### EXTRACTED RECORDS
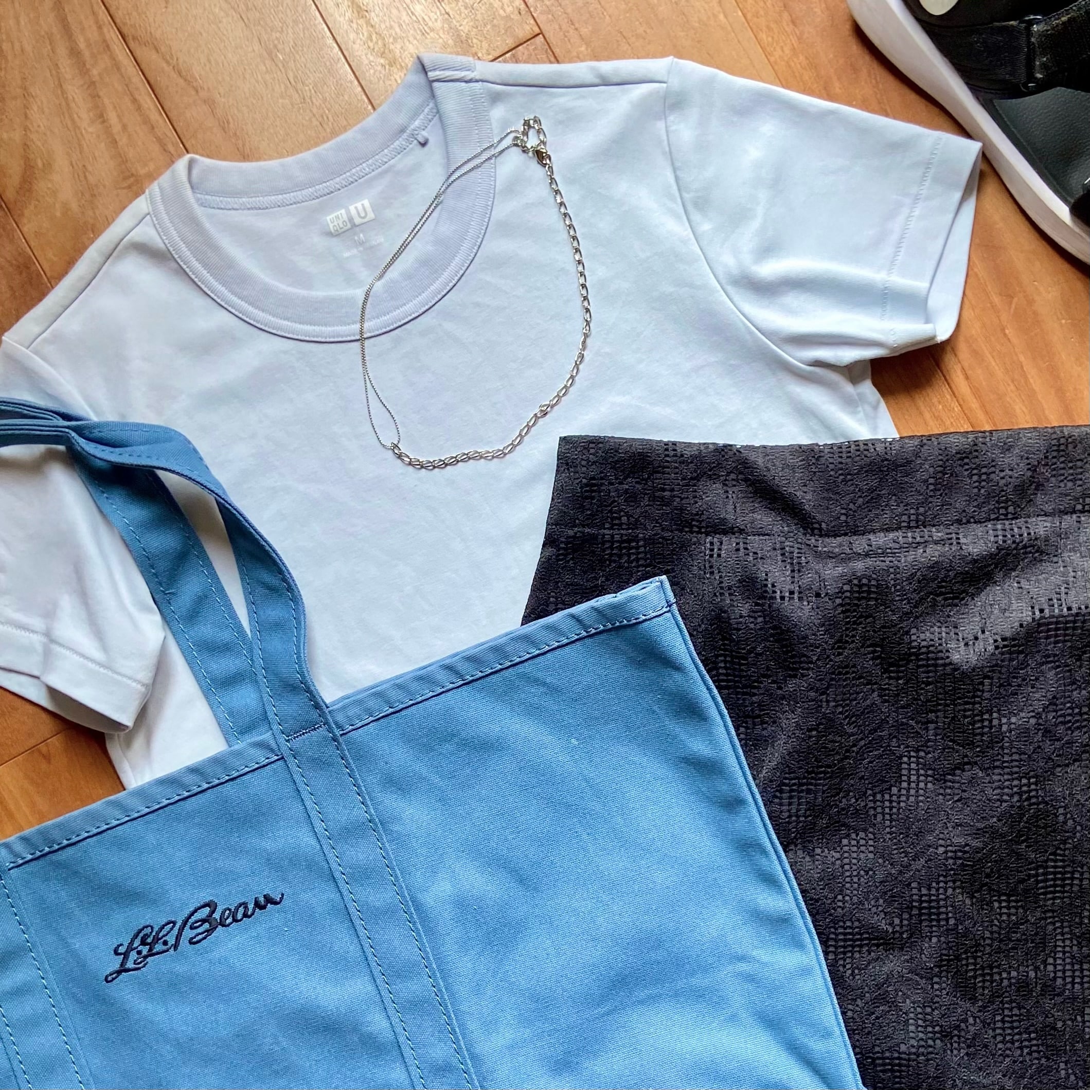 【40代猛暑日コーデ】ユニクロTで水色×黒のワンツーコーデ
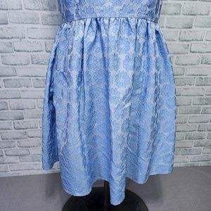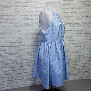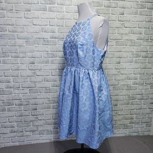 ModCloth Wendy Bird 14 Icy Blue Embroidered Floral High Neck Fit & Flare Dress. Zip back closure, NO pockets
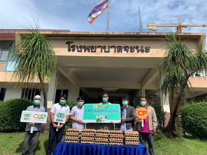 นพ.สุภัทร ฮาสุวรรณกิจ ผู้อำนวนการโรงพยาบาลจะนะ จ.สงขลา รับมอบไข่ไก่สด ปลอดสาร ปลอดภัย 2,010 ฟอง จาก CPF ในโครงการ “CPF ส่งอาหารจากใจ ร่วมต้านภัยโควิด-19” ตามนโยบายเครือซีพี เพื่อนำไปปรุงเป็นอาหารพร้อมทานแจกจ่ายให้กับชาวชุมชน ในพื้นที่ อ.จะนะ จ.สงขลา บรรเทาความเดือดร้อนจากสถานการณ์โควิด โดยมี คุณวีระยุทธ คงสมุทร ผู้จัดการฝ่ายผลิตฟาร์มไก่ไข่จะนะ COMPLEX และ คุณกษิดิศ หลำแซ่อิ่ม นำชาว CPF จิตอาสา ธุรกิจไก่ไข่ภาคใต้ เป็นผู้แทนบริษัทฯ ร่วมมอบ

==

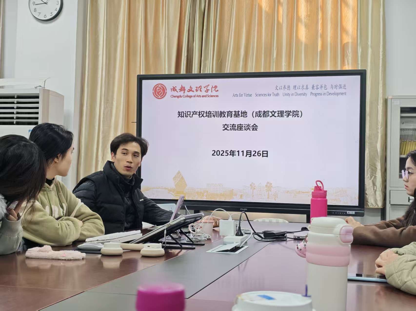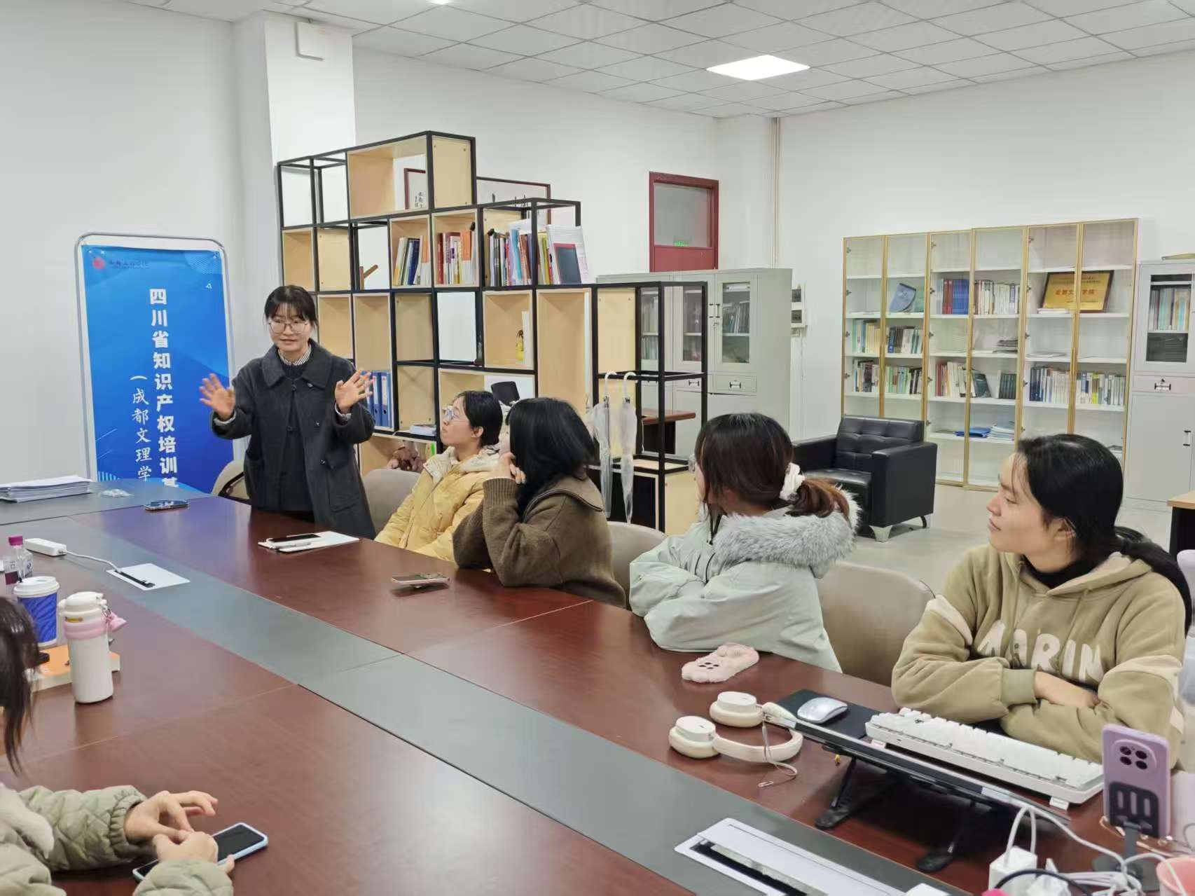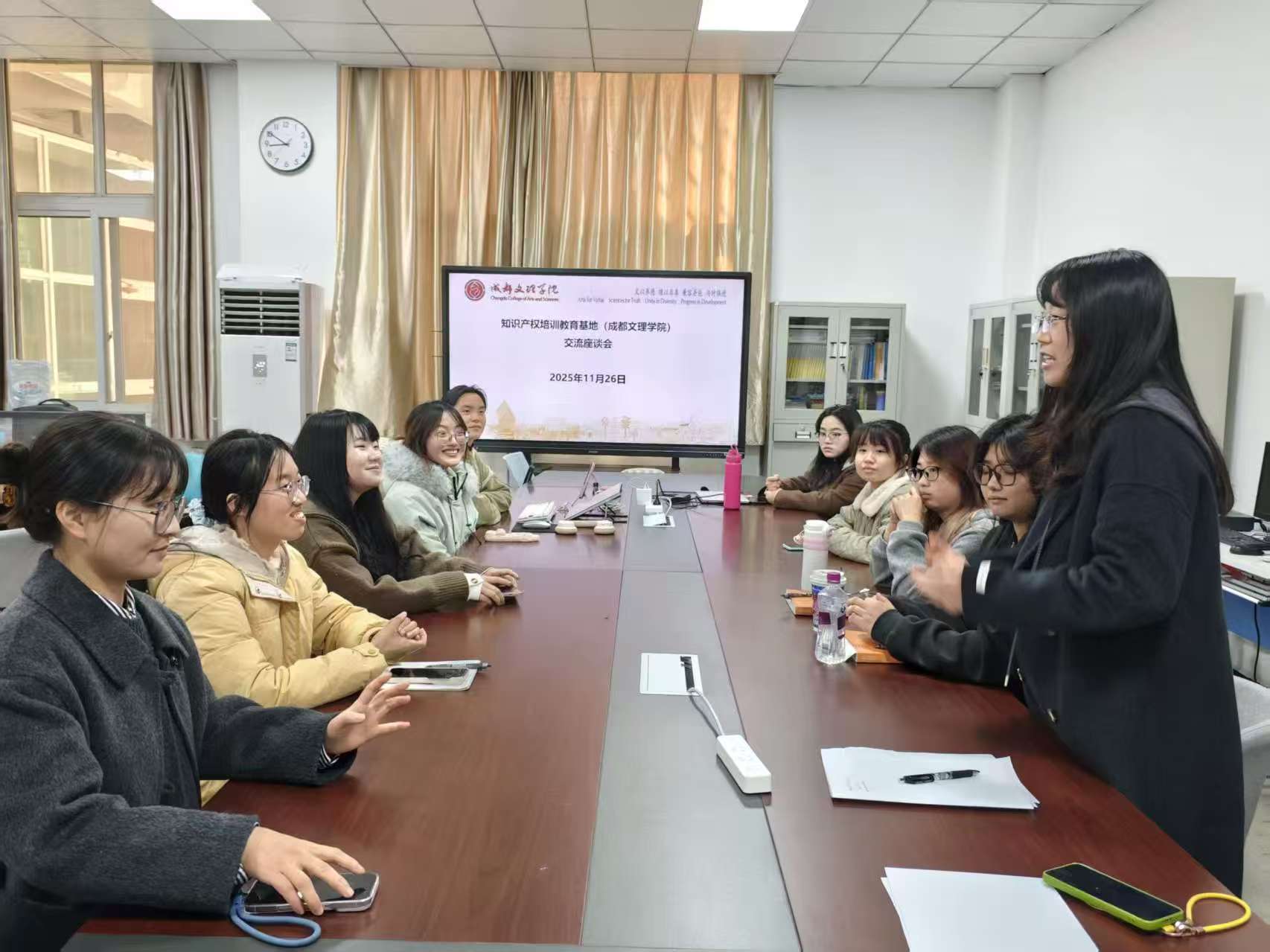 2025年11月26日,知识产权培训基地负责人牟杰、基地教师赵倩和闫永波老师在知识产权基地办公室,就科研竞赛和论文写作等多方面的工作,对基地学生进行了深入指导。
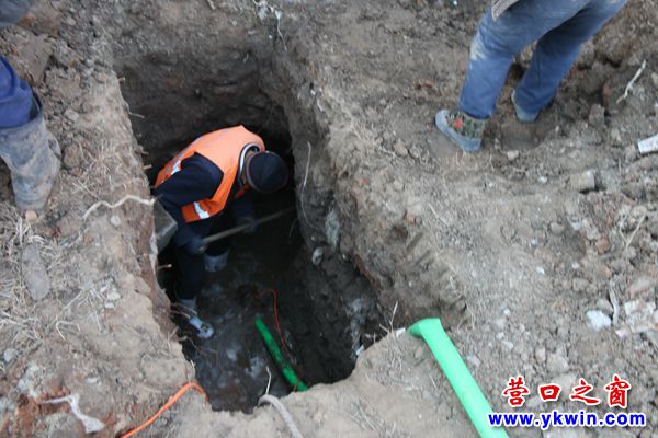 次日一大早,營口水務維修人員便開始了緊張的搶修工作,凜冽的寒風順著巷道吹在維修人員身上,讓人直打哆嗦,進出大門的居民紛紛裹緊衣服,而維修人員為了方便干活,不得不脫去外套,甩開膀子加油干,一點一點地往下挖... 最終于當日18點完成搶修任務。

### DIRECTIONS
Word for word, write out the lines above running from the one with "ModCloth Wendy Bird" up to and including the one with "นพ.สุภัทร ฮาสุวรรณกิจ ผู้อำนวนการโรงพยาบาลจะนะ". Drop any picture.

### PROBLEM SOLUTION
 ModCloth Wendy Bird 14 Icy Blue Embroidered Floral High Neck Fit & Flare Dress. Zip back closure, NO pockets
 นพ.สุภัทร ฮาสุวรรณกิจ ผู้อำนวนการโรงพยาบาลจะนะ จ.สงขลา รับมอบไข่ไก่สด ปลอดสาร ปลอดภัย 2,010 ฟอง จาก CPF ในโครงการ “CPF ส่งอาหารจากใจ ร่วมต้านภัยโควิด-19” ตามนโยบายเครือซีพี เพื่อนำไปปรุงเป็นอาหารพร้อมทานแจกจ่ายให้กับชาวชุมชน ในพื้นที่ อ.จะนะ จ.สงขลา บรรเทาความเดือดร้อนจากสถานการณ์โควิด โดยมี คุณวีระยุทธ คงสมุทร ผู้จัดการฝ่ายผลิตฟาร์มไก่ไข่จะนะ COMPLEX และ คุณกษิดิศ หลำแซ่อิ่ม นำชาว CPF จิตอาสา ธุรกิจไก่ไข่ภาคใต้ เป็นผู้แทนบริษัทฯ ร่วมมอบ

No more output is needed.